> [Work to be completed]:
Exactly the lines from the start of the data below through the line that contains "Spatial distribution of" are to be copied, with pictures left out.

━━━━━ Entries provided ━━━━━

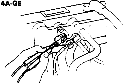8. Using a service wire, short terminals +B and FP of the engine check connector. This will cause the fuel pump to operate and pressurize the system.
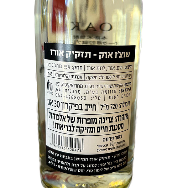 תזקיק אורז המיושן בחביות עץ אלון. שילוב נפלא של טעם האורז עם ניחוח עדין של עץ אלון לבן, וארומות המזכירות אגוזים ווניל.
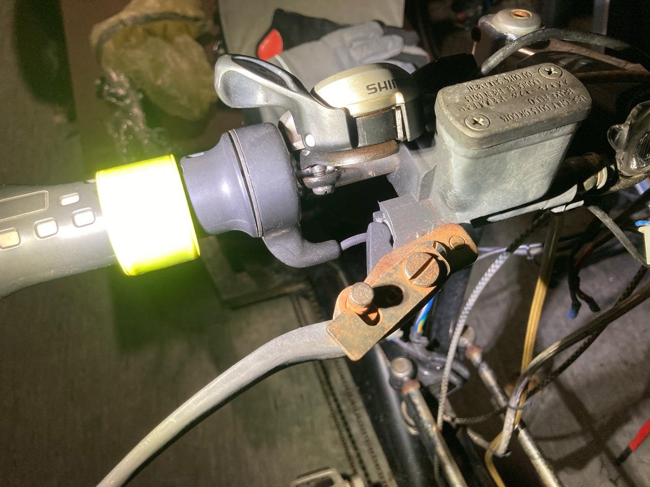 Einer der Beiden Bremsgriffe mit angegammelter Feststellfunktion, und der Bremsverteiler für die hinteren Bremsen.
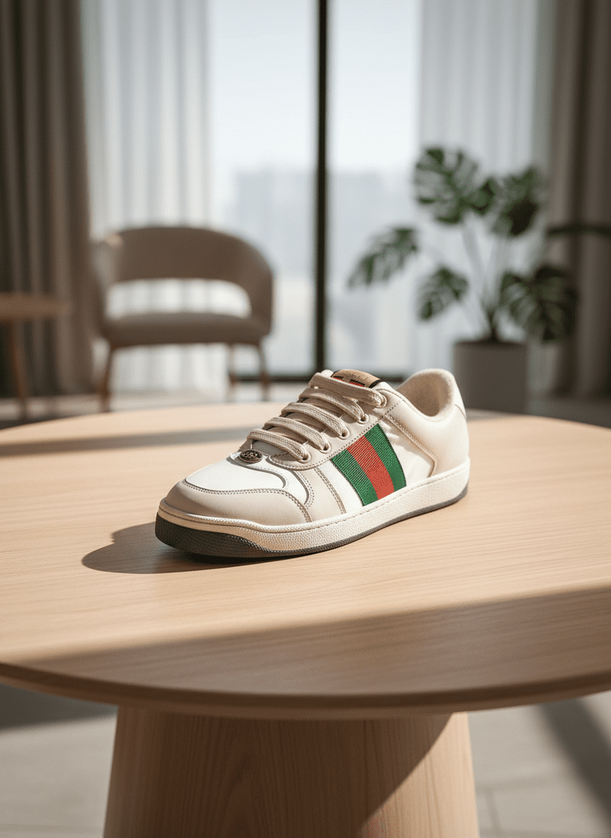 Gucci Men’s Red Black Leather Casual Sneakers Shoes
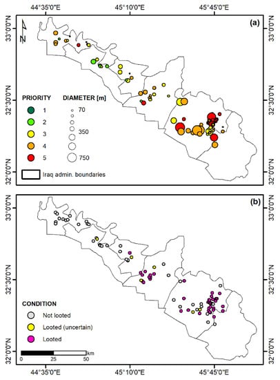 Spatial distribution of mapped tells (a) by priority and their diameter (expressed in meters); and (b) by condition as assessed through visual interpretation of evidence of looting in satellite imagery.
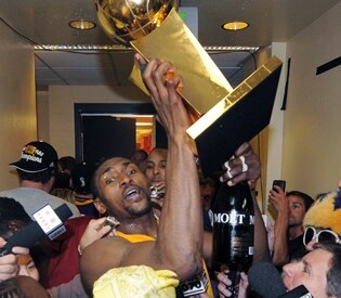 In the finals seconds of Game 5 of the conference finals against Phoenix, he made one of the great “Basketball IQ” plays of recent years. As Kobe attempted a potential game-winner from the right wing, Artest got around Jason Richardson, dove into the lane. As Kobe’s shot fell short, Artest grabbed the air ball and hit an off-balance game-winner at the buzzer. Two nights later in Phoenix, he made 10 of 16 shots (including four 3-pointers) and scored 25 points as the Lakers eliminated the Suns to advance to the Finals.
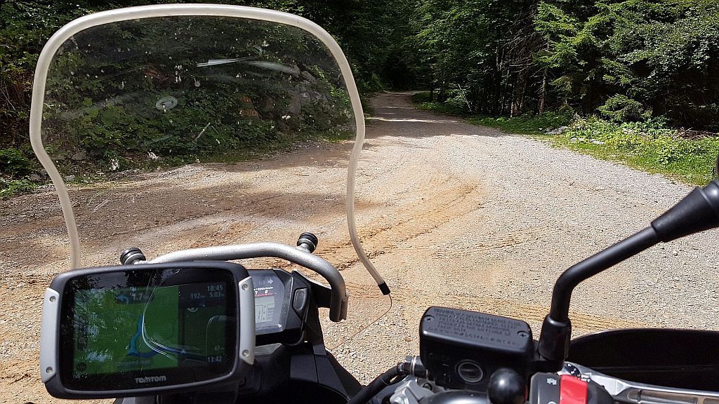 Moja naslednja točka ogleda pa je bil predviden vojaški muzej v Pivki. Ker je od Kozarišča proti Snežniku in Koritnicam makadamska cesta, sem se odločil, da gre po hrvaški strani, da pridem nazaj preko Jelšan. Pa me je TomTom malce “nategnil” in jo je na Hrvaški strani ubral po bližnjici. Tu sem seveda za nagrado dobil kakih 30 kilometrov makadama. In to po gozdnih poteh skozi Risnjak. Me je že malce zaskrbelo nekje na polovici poti, da ne bom končal v kakšni neprevozni cesti. K sreči se je vse lepo izšlo.
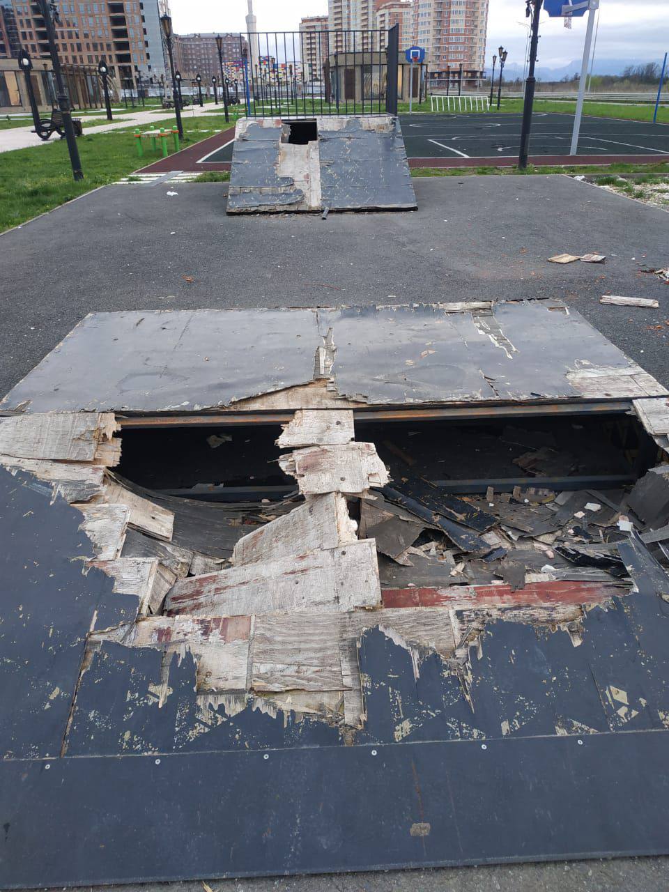 Даже новые детские площадки часто оказываются повреждёнными через короткое время.
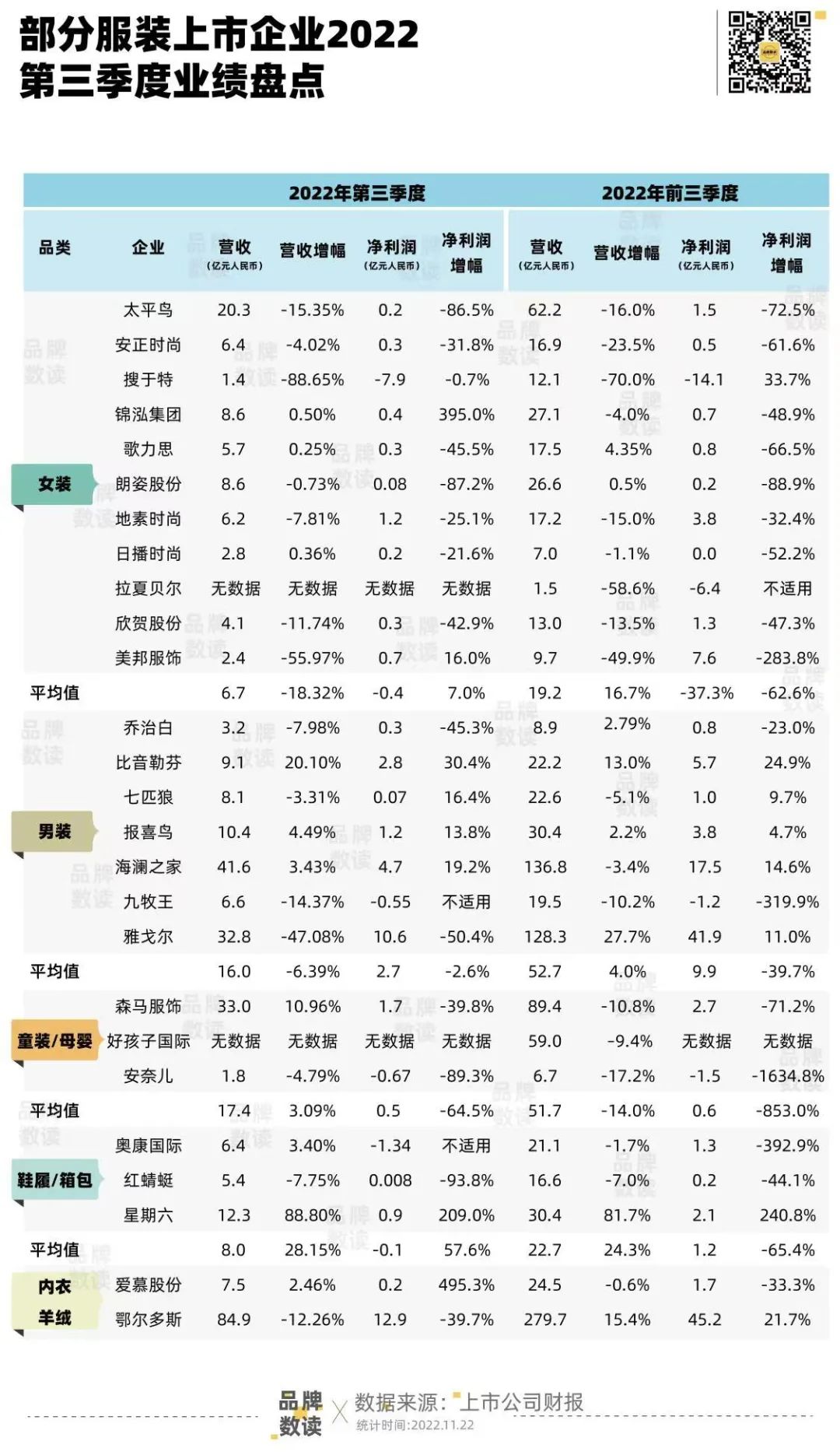 品牌数读总结了26家(港股上市的公司没有正式披露数据,披露了部分数据,本文以文字形式在文章中呈现,未统计到表格中)上市公司第三季度财报数据发现,进入三季度,比音勒芬营收逆势增长了20%,爱慕股份的净利润翻了将近5倍,锦泓集团净利润翻了4倍,星期六翻了2倍,歌力思前三季度营收翻了4倍。细观财报,这些增长与缩减开支、恢复开店等举措有直接关联。而童装品牌安奈儿前三季度的净利润下降了1634.8%。
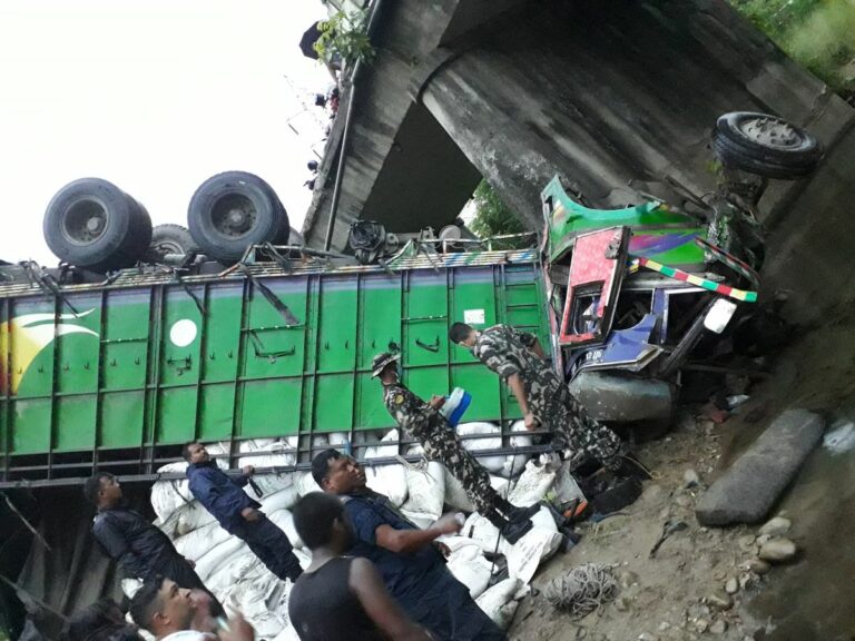 बाँके र दाङको सिमानामा पर्ने शिवखोला पुलबाट आज बिहान ४:३० बजे ट्रक खसेको हो ।
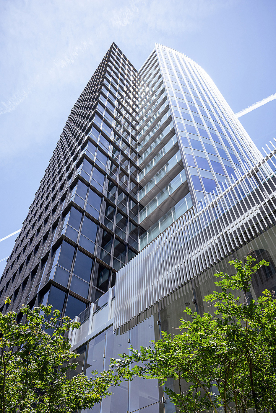 從地面層的微型森林到屋頂的天空綠洲,建築本體外牆系統則以垂直遮陽、複層Low-E玻璃構成,
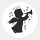Pegatina Redonda Ángel golpeando a una trompeta con notas
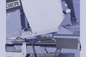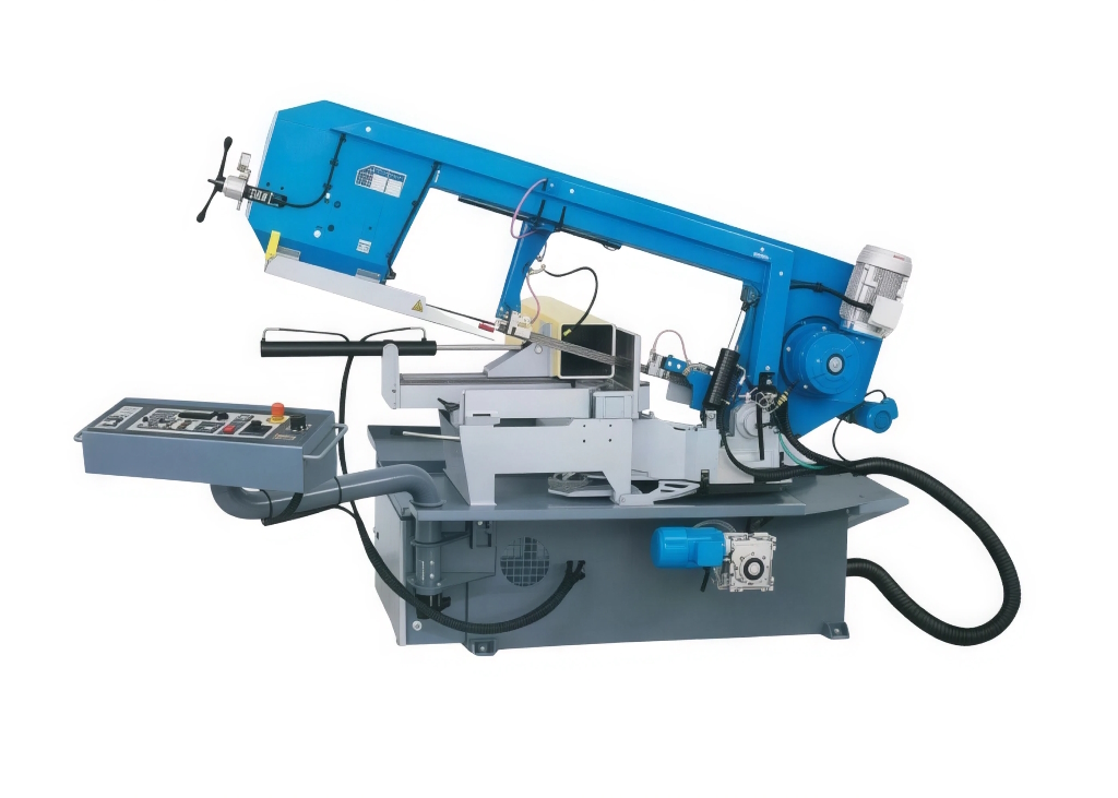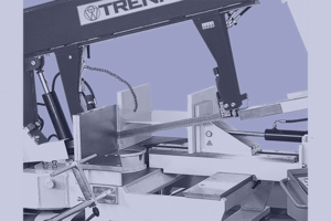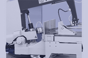 Подвійна стрічкова пилка для торцювання, ручна або напівавтоматична, з додатковим пристроєм керування тиском різання.

━━━━━

> [Reply to the exercise]:
8. Using a service wire, short terminals +B and FP of the engine check connector. This will cause the fuel pump to operate and pressurize the system.
 תזקיק אורז המיושן בחביות עץ אלון. שילוב נפלא של טעם האורז עם ניחוח עדין של עץ אלון לבן, וארומות המזכירות אגוזים ווניל.
 Einer der Beiden Bremsgriffe mit angegammelter Feststellfunktion, und der Bremsverteiler für die hinteren Bremsen.
 Gucci Men’s Red Black Leather Casual Sneakers Shoes
 Spatial distribution of mapped tells (a) by priority and their diameter (expressed in meters); and (b) by condition as assessed through visual interpretation of evidence of looting in satellite imagery.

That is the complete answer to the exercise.